I would if I knew I always wanted them - i'd rather cut costs on my dress or elsewhere if needed but thats me :D

xx


----------



## booflebump

£1000 is pretty reasonable for an all day package, and for 1500 to have two photographers is great. Photos are such a important part of the whole wedding - and you need to be confident in your photographers ability to capture those special moments. Does she have a website so I can have a gander? I love looking at photographer websites! xxx


----------



## polo_princess

:shock: :shock: How much? OMG i could buy a car for that :rofl:

That makes me sound like a right penny pincher doesnt it? I know and have worked with quite a lot of photographers so i get perks :lol:, But in knowing that i could hire a top professional photographer for a flat rate of £350 for the entire day i wouldnt consider paying anymore if i needed too :)


----------



## Hayley90

:rofl: Holly if i could buy a decent car for £1k i'd have one by now... where on earth do you buy your cars :rofl:

She is only "cheap" as she is my age - extremely talented and has just set up her business side of things.

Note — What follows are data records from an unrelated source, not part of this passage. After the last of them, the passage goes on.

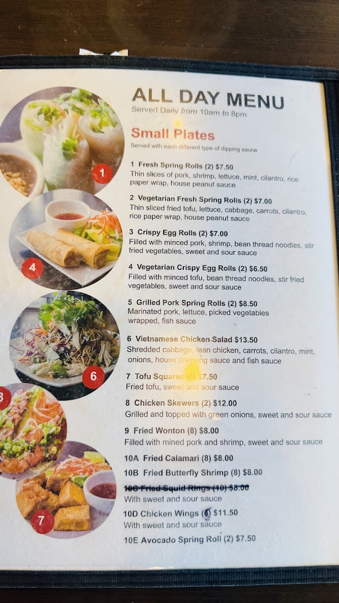 Thin slices of pork, shrimp, lettuce, mint, cilantro, rice paper wrap, house peanut sauce.
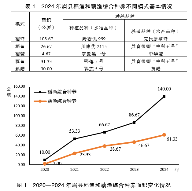 2020年以来,眉县积极争取并先后获得省级财政资金300万元支持稻渔和藕渔产业的发展,通过制定方案和标准,开展技术培训、试验示范和现场交流等方式深入开展指导服务,先后创建稻渔和藕渔综合种养示范基地7个,基本形成了以槐芽镇为中心,以常兴、齐镇为副中心的稻渔和藕渔综合种养发展布局,全县稻渔综合种养面积达201.34公顷。2024年眉县稻渔综合种养不同模式基本情况如表1所述,全县的稻渔和藕渔综合种养产业由最初的槐芽镇东柿林村废弃稻田发展稻渔综合种养,到现在的五个镇(街)相继建设,呈现出“规模化发展、多元化种养、标准化经营、链条式发展”的良好态势。从图1可以看到,截止2024年底,眉县共计发展稻渔和藕渔综合种养面积201.34公顷,产业发展迅速。其中,稻渔综合种养面积从2020年的10.00公顷增长到2024年140.00公顷,藕渔综合种养面积从2020年的2.00公顷增长到2024年61.33公顷。目前,眉县种养规模3.3公顷以上的经营主体10个,33.3公顷以上6个,333.3公顷亩以上1个。
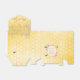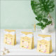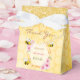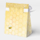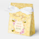 Un coffret cadeau pour un enterrement de vie de jeune fille estival. Un fond jaune avec un motif en nid d'abeille. Avec un cadre géométrique en faux or et des gouttes de paillettes en faux or. Décoré de fleurs tropicales roses, d'hibiscus et de joyeuses abeilles. Avec le texte : Merci et Mariée à l'honneur écrit avec une police de caractères manuscrite moderne. Modèle pour le nom de la future mariée et la date de l'événement. Lettres roses, vertes et marron.
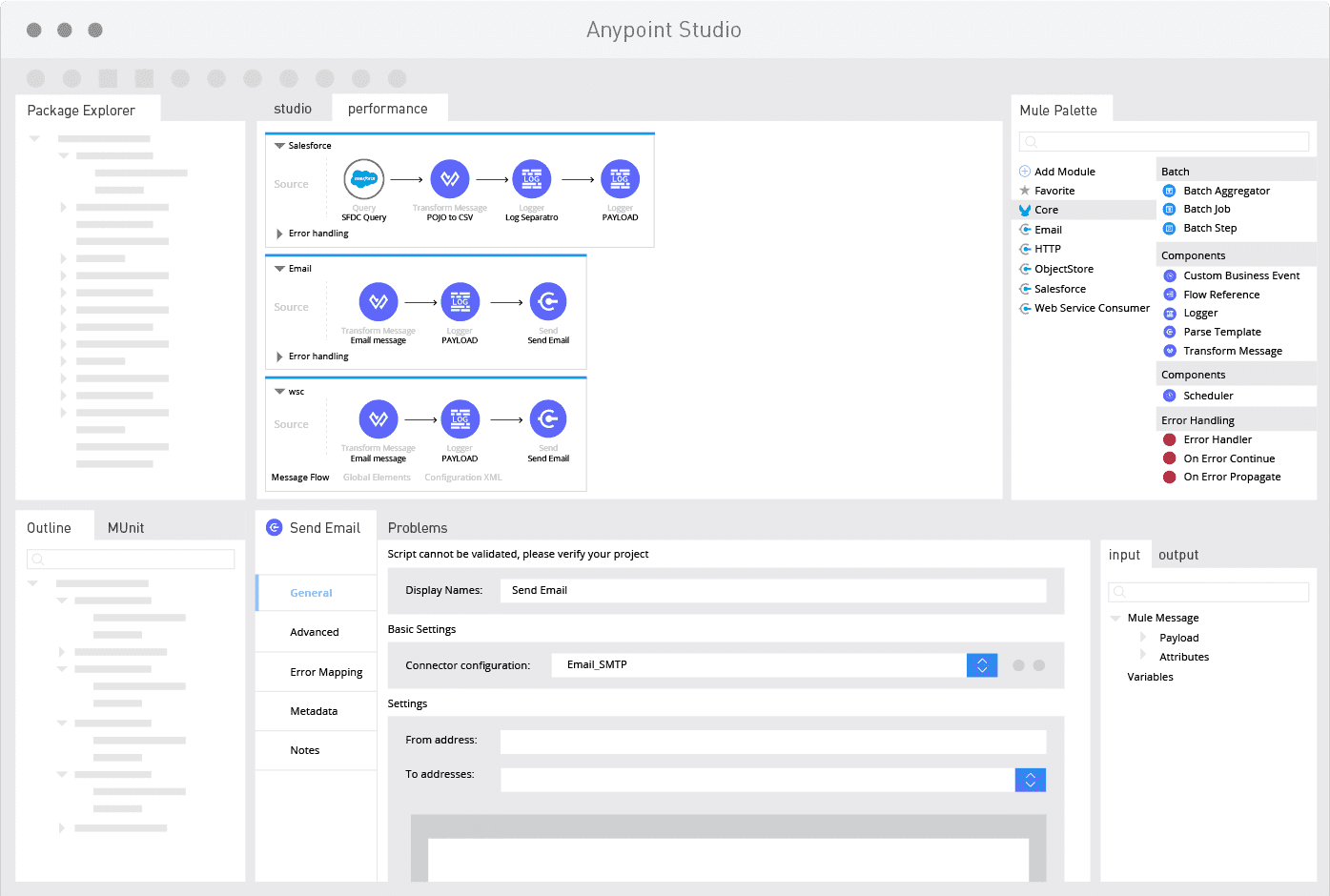 Herramienta que permite la creación de aplicaciones mule mediante una interfaz drag and drop en la que iremos arrastrando y soltando los diferentes componentes que conforman una integración. El propósito de la herramienta Flow Designer, es la posibilidad de crear aplicaciones totalmente funcionales por usuarios sin conocimientos técnicos.

She used to just do events as favours, so shes pretty experienced for someone my age. She moved to america last year and lived with her boyfriend who was a pro photographer so he taught her shedloads aswell. 

I will find a link :)


----------



## RedRose19

im not sure how much i'll be spending on the photographer but im sure it wont be that much :lol: but if its something you really want, at the end of the day its your wedding.. so you should have the things that make it special for you.. maybe save for that separately to the rest of the wedding so you have the money by the time you get married :D


----------



## Vici

It all boils down to your own budget really hun. Also have you negotiated with her? My photographers standard package for a Saturday starts at £1600 but after haggling for our Friday wedding i got her down to £450 with a CD of all pics x


----------



## 24/7

My whole wedding wasn't much more than the two photographer package!!! :haha: We paid £375 for our photographer and she was brilliant. xxx


----------



## booflebump

This might help you https://www.rockmywedding.co.uk/how-to-choose-a-wedding-photographer/ 

Its such a personal thing - there is no right or wrong amount to spend on it xxx


----------



## xxxjacxxx

how much? OMG! Ant (my oh) is a wedding photographer and his basic package is £299 at the moment(for 2010-2011), this includes a disc with around 900 photographs on:thumbup: 

If you look around you would get cheaper but if you like her style then I'd go with her.


----------



## mrsraggle

Hayley90 said:


> She is only "cheap" as she is my age - extremely talented and has just set up her business side of things. She used to just do events as favours, so shes pretty experienced for someone my age. She moved to america last year and lived with her boyfriend who was a pro photographer so he taught her shedloads aswell.
> 
> I will find a link :)

Rosie Hardy perchance??


----------



## Hayley90

mrsraggle said:


> Hayley90 said:
> 
> 
> She is only "cheap" as she is my age - extremely talented and has just set up her business side of things. She used to just do events as favours, so shes pretty experienced for someone my age. She moved to america last year and lived with her boyfriend who was a pro photographer so he taught her shedloads aswell.
> 
> I will find a link :)
> 
> Rosie Hardy perchance??Click to expand...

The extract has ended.